# HVAC guy



## theJcK (Aug 7, 2013)

wouldnt T250.122 apply here?.. 

http://ecmweb.com/mag/706ecmCBtable1.jpg


----------



## wildleg (Apr 12, 2009)

why do you care what the hvac guy does ? let him deal with the inspector if he wired it - just do your end right. 

250.102 allows a bonding jumper outside raceway, except has to be "run with raceway". however, this section is not directly pointed to by section VI, so I'm unclear as to whether it actually applies or not ?



> (2) Outside a Raceway or an Enclosure.
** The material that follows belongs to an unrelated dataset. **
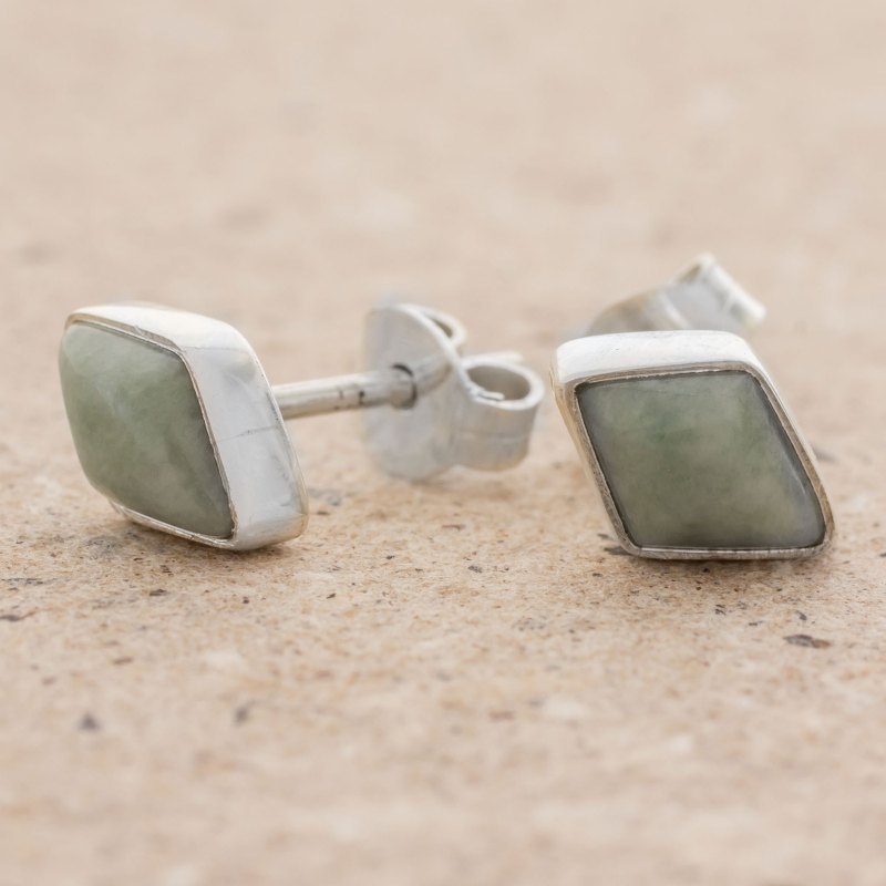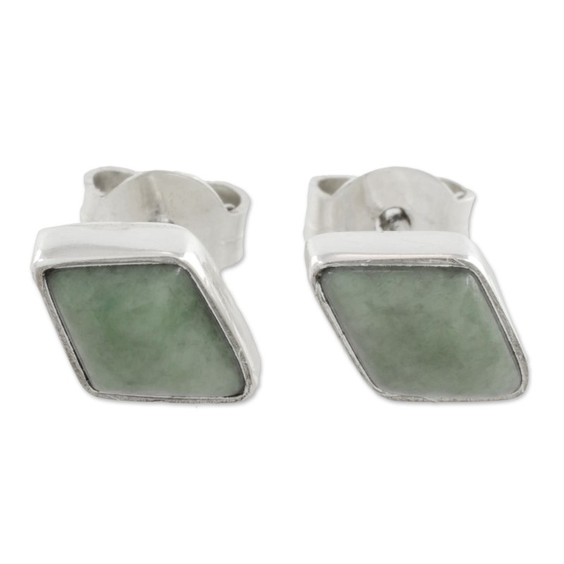 Guatemalan artisan Zandra Lorena Sajbin works in the style of Mayan jewelry, designing this pair of elegant stud earrings. Handcrafted of sterling silver, each earring features a diamond-shaped stone of natural jade with light green hues.

If installed on
> the outside, the length of the bonding jumper or conductor
> or equipment bonding jumper shall not exceed 1.8 m (6 ft)
> and shall be routed with the raceway or enclosure.
> ...


----------



## Spark Master (Jul 3, 2012)

I can't find reference if NEC allows a bare ground wire inside sealtite. I'm thinking it's not allowed. Anyone have a reference off hand ??

Thank you !!


----------



## wildleg (Apr 12, 2009)

read 250.118


----------



## Spark Master (Jul 3, 2012)

wildleg said:


> read 250.118


 I have a reading comprehension problem with things like code books, and all the fancy wording.
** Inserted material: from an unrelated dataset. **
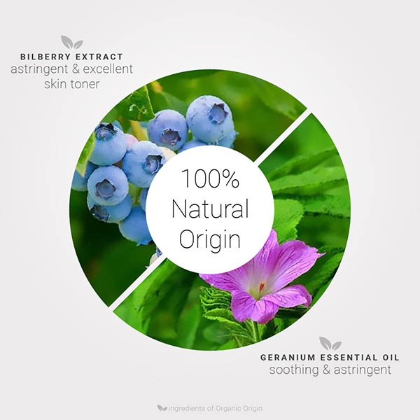 Gamarde aqua (Gamarde Water), aqua (Water), Vaccinium myrtillus fruit extract*, cocamidopropyl betaine, Rubia tinctorum root extract, Pelargonium graveolens flower oil*, citronellol°, geraniol°

I like to read hand books, rather than grounded conductor, ungrounded conductor, etc, etc.


----------



## pete87 (Oct 22, 2012)

Spark Master said:


> I'm arguing with an HVAC guy. The unit is supplied with #6 wire, and he's running a 14 gauge ground wire. A bare ground wire, and not even THHN.
> 
> And next problem, the ground wire is not even in the same conduit as the 3 phases. He ran it inside the unit, out the bottom.
> 
> Is there a quick reference guide? I don't have my .PDF code book with me.




Running the Ground Wire (EGC) outside the conduit may not be a problem ,
using a #14awg might be the problem .



Pete


----------



## Spark Master (Jul 3, 2012)

Now we are down to 1 problem. I persuaded them to change the gnd to 10ga. But it was too much work for them to run it inside the conduit. It is no where near the conduit. It runs through the machine.


----------



## wildleg (Apr 12, 2009)

Spark Master said:


> I have a reading comprehension problem with things like code books, and all the fancy wording.
> 
> I like to read hand books, rather than grounded conductor, ungrounded conductor, etc, etc.


good luck with that


----------



## FlyingSparks (Dec 10, 2012)

Spark Master said:


> I have a reading comprehension problem with things like code books, and all the fancy wording.
> 
> I like to read hand books, rather than grounded conductor, ungrounded conductor, etc, etc.


Grounded conductor - neutral
Ungrounded conductor - hot


----------



## micromind (Aug 11, 2007)

FlyingSparks said:


> Grounded conductor - neutral
> Ungrounded conductor - hot


Grounding conductor = ground wire.


----------